* How to complete this task:
Omitting all pictures, print the lines of the listing from the one containing "MEXICO, D.F., 24AGOSTO2005.- Los" through the final line, both ends included, with no other text.
Listed records below:
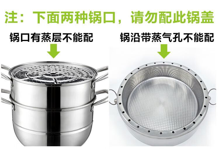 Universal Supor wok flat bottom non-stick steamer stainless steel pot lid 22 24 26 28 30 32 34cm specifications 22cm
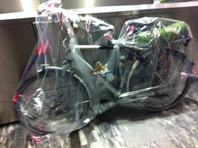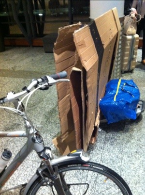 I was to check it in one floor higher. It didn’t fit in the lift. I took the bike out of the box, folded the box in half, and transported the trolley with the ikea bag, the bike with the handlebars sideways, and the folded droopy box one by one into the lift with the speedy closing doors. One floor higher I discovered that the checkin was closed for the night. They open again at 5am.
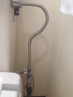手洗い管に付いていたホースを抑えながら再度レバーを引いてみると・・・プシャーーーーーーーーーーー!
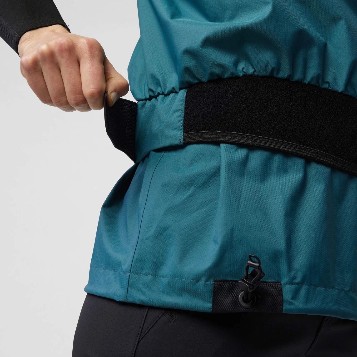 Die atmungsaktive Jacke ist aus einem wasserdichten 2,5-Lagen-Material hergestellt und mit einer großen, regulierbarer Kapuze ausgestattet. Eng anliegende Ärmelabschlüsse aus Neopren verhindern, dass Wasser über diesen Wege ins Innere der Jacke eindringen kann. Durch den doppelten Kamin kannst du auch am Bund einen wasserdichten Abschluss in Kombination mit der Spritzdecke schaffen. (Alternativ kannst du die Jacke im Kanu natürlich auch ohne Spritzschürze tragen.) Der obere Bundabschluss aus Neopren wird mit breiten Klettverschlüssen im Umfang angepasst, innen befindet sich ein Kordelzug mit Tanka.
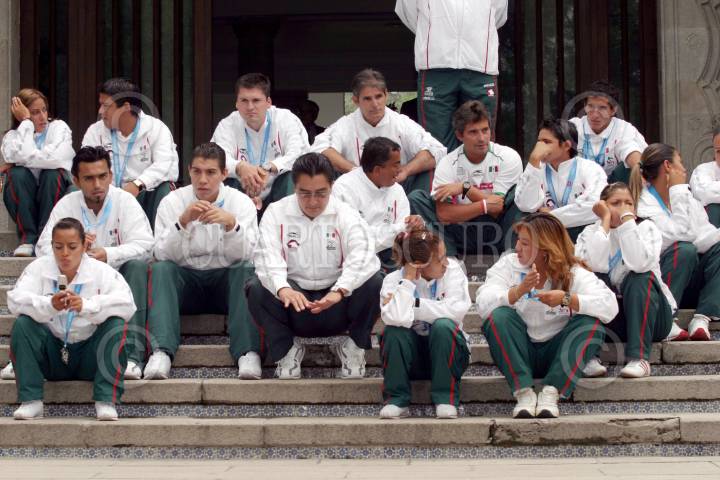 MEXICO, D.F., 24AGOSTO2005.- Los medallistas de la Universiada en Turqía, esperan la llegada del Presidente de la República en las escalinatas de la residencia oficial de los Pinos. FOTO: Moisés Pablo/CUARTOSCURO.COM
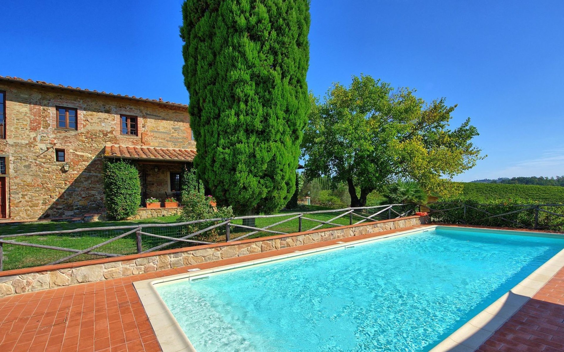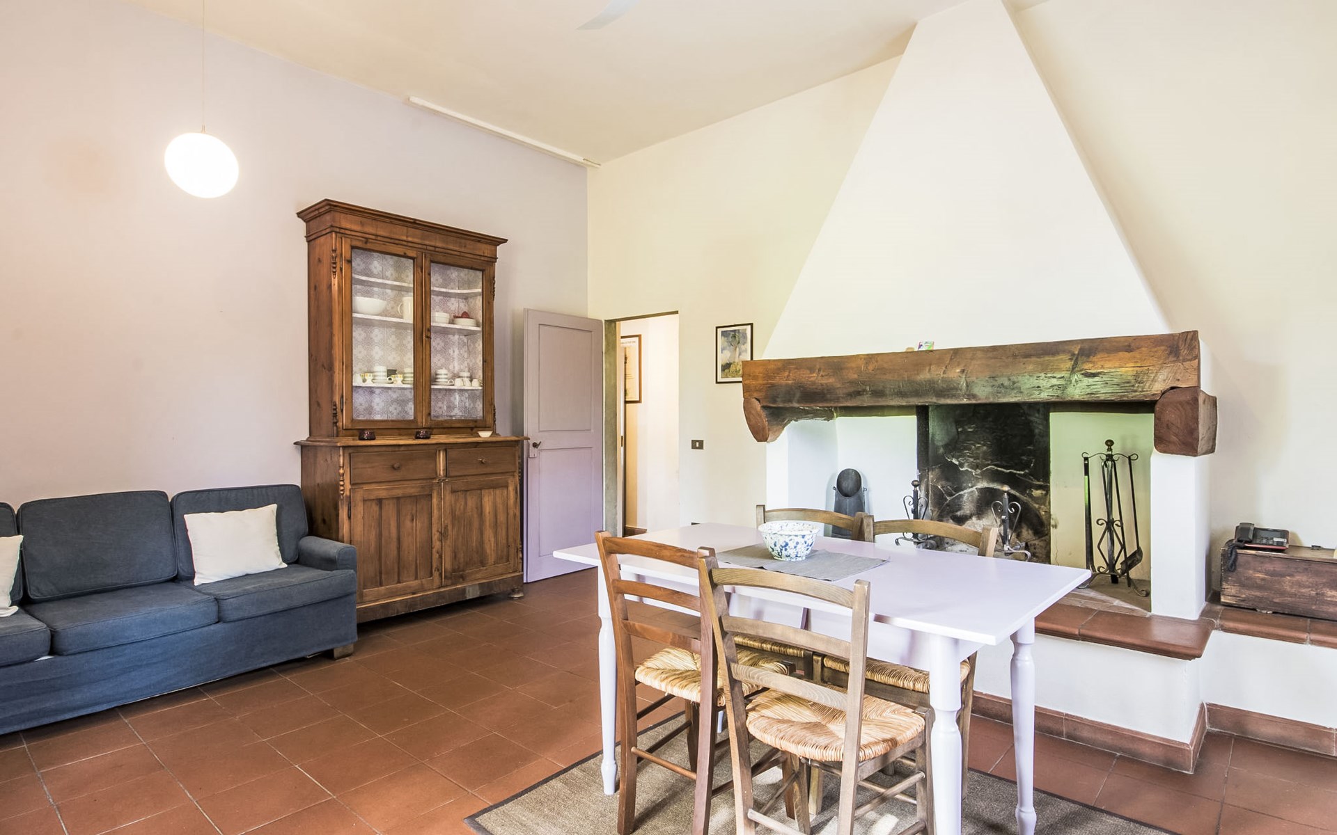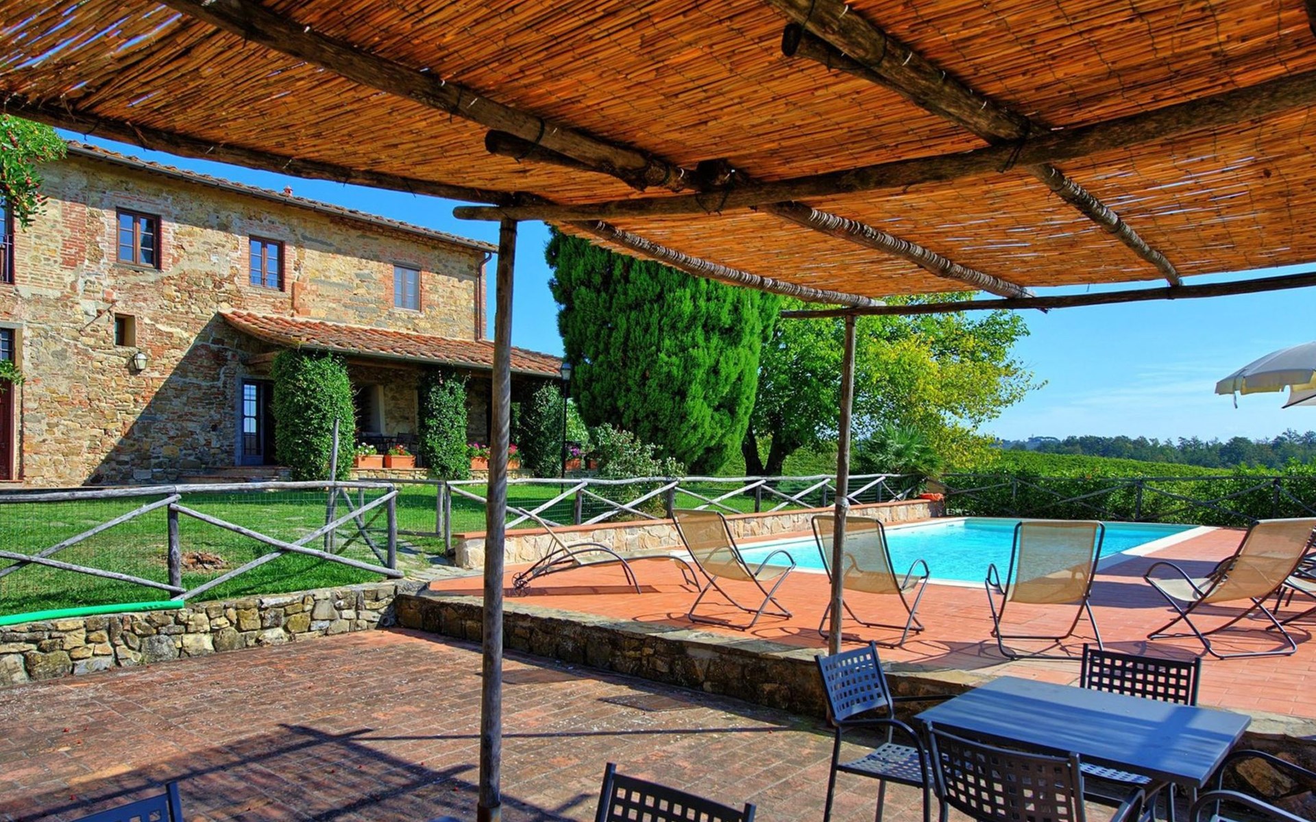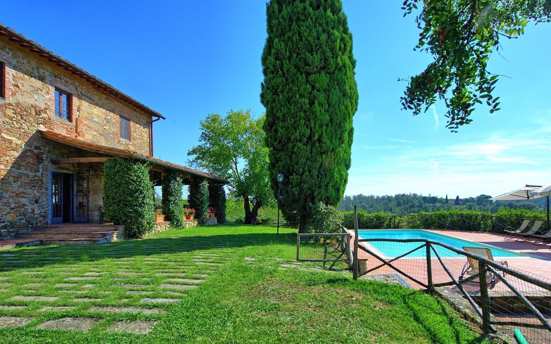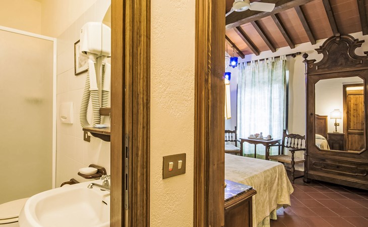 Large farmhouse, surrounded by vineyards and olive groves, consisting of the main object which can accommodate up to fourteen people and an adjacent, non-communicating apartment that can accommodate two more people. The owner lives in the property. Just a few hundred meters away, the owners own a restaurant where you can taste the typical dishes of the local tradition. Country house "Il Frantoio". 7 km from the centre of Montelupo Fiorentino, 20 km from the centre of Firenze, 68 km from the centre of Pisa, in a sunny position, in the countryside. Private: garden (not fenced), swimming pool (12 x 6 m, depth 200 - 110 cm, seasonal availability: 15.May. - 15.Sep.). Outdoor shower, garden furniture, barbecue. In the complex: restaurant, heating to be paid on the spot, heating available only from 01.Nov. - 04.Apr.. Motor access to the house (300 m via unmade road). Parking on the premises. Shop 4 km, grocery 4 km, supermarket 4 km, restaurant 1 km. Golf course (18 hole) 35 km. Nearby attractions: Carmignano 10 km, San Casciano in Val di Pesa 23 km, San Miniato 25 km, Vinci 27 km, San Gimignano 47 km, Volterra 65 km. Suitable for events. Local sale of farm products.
End of Listed records.
* The answer:
 MEXICO, D.F., 24AGOSTO2005.- Los medallistas de la Universiada en Turqía, esperan la llegada del Presidente de la República en las escalinatas de la residencia oficial de los Pinos. FOTO: Moisés Pablo/CUARTOSCURO.COM
 Large farmhouse, surrounded by vineyards and olive groves, consisting of the main object which can accommodate up to fourteen people and an adjacent, non-communicating apartment that can accommodate two more people. The owner lives in the property. Just a few hundred meters away, the owners own a restaurant where you can taste the typical dishes of the local tradition. Country house "Il Frantoio". 7 km from the centre of Montelupo Fiorentino, 20 km from the centre of Firenze, 68 km from the centre of Pisa, in a sunny position, in the countryside. Private: garden (not fenced), swimming pool (12 x 6 m, depth 200 - 110 cm, seasonal availability: 15.May. - 15.Sep.). Outdoor shower, garden furniture, barbecue. In the complex: restaurant, heating to be paid on the spot, heating available only from 01.Nov. - 04.Apr.. Motor access to the house (300 m via unmade road). Parking on the premises. Shop 4 km, grocery 4 km, supermarket 4 km, restaurant 1 km. Golf course (18 hole) 35 km. Nearby attractions: Carmignano 10 km, San Casciano in Val di Pesa 23 km, San Miniato 25 km, Vinci 27 km, San Gimignano 47 km, Volterra 65 km. Suitable for events. Local sale of farm products.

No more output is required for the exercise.